Enron's Skilling Reaches Deal for Shortened Sentence

Wednesday, 08 May 2013 02:44 PM

Jeffrey Skilling, the former chief executive of Enron Corp., has reached an agreement with federal prosecutors that could shorten his 24-year prison term in connection with the collapse of the energy company.

According to court papers, the government and Skilling have agreed to recommend that Skilling be resentenced at a June 21 hearing to a term of 14 to 17-1/2 years, a period that could be reduced for good behavior.

Skilling, 59, has been in prison since December 2006, following his conviction by a Houston federal jury on 19 counts of securities fraud, conspiracy, insider trading and lying to auditors.
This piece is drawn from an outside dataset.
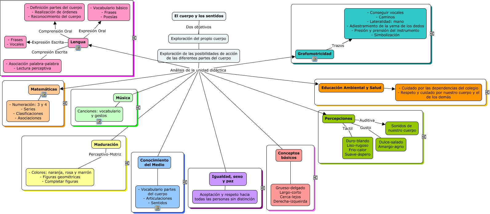 Este Cmap, tiene información relacionada con: El cuerpo y los sentidos, Grafomotricidad Trazos - Conseguir vocales - Caminos - Lateralidad: mano - Adiestramiento de la yema de los dedos - Presión y prensión del instrumento - Simbolización, Lengua Compresión Escrita - Asociación palabra-palabra - Lectura perceptiva, Lengua Expresión Escrita - Frases - Vocales, Exploración de las posibilidades de acción de las diferentes partes del cuerpo Análisis de la unidad didáctica Educación Ambiental y Salud, Percepciones Táctil Duro-blando Liso-rugoso Frio-calor Suave-áspero, Exploración de las posibilidades de acción de las diferentes partes del cuerpo Análisis de la unidad didáctica Lengua, Conocimiento del Medio ???? - Vocabulario partes del cuerpo - Articulaciones - Sentidos, Educación Ambiental y Salud ???? - Cuidado por las dependencias del colegio - Respeto y cuidado por nuestro cuerpo y el de los demás, Percepciones Gusto Dulce-salado Amargo-agrio, Exploración de las posibilidades de acción de las diferentes partes del cuerpo Análisis de la unidad didáctica Música, El cuerpo y los sentidos Dos objetivos Exploración del propio cuerpo, Exploración de las posibilidades de acción de las diferentes partes del cuerpo Análisis de la unidad didáctica Percepciones, Exploración de las posibilidades de acción de las diferentes partes del cuerpo Dos objetivos Exploración del propio cuerpo, Exploración de las posibilidades de acción de las diferentes partes del cuerpo Análisis de la unidad didáctica Grafomotricidad, Exploración de las posibilidades de acción de las diferentes partes del cuerpo Análisis de la unidad didáctica Maduración, Igualdad, sexo y paz ???? Aceptación y respeto hacia todas las personas sin distinción, Exploración de las posibilidades de acción de las diferentes partes del cuerpo Análisis de la unidad didáctica Conceptos básicos, Exploración de las posibilidades de acción de las diferentes partes del cuerpo Análisis de la unidad didáctica Conocimiento del Medio, Lengua Comprensión Oral - Definición partes del cuerpo - Realización de órdenes - Reconocimiento del cuerpo, Conceptos básicos ???? Grueso-delgado Largo-corto Cerca-lejos Derecha-izqueirda

"The proposed agreement brings certainty and finality to a long painful process," Skilling's lawyer, Daniel Petrocelli, said in a statement. "Although the recommended sentence for Jeff would still be more than double any other Enron defendant, all of whom have long been out of prison, Jeff will at least have the chance to get back a meaningful part of his life."
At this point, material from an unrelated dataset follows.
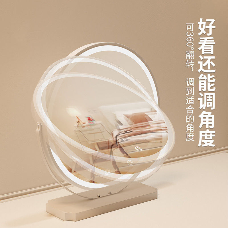 带灯梳妆台智能led化妆镜简约女生家用卧室学生宿舍台式 桌面镜子
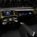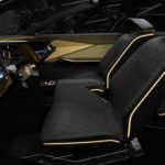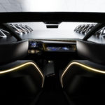 The exterior also features holographic rear tail lamps and a B-pillar-less 4-door body structure with reverse-opening rear doors for easy interior access. To emphasize its Japanese character, a traditional Japanese Asanoha geometric graphic pattern has been applied in gold over the IMs concept’s smoked glass roof surface. The pattern is used throughout the vehicle, including on the wheels and inside the cabin.

The proposed sentence also calls for Skilling to make more than $40 million in restitution to Enron victims and end his appeals of his conviction.

Skilling has long maintained his innocence, and according to court filings had been pursuing a new trial.
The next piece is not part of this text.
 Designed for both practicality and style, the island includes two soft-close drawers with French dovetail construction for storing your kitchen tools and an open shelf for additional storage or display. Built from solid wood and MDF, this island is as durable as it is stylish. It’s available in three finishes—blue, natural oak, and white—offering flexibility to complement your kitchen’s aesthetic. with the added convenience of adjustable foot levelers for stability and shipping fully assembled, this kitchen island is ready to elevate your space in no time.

"This agreement ensures that Mr. Skilling will be appropriately punished for his crimes and that victims will finally receive the restitution they deserve," said Peter Carr, a U.S. Department of Justice spokesman. "Mr. Skilling will no longer be permitted to challenge his conviction for one of the most notorious frauds in American history."

A new sentence would be imposed by U.S. District Judge Sim Lake in Houston, who had ordered the original 24-year sentence.

In 2009, the 5th U.S. Circuit Court of Appeals upheld Skilling's conviction, but called his sentence too harsh. The following year, the U.S. Supreme Court also upheld the conviction, but rejected one legal theory behind it. Then in 2011, the 5th Circuit reaffirmed the conviction.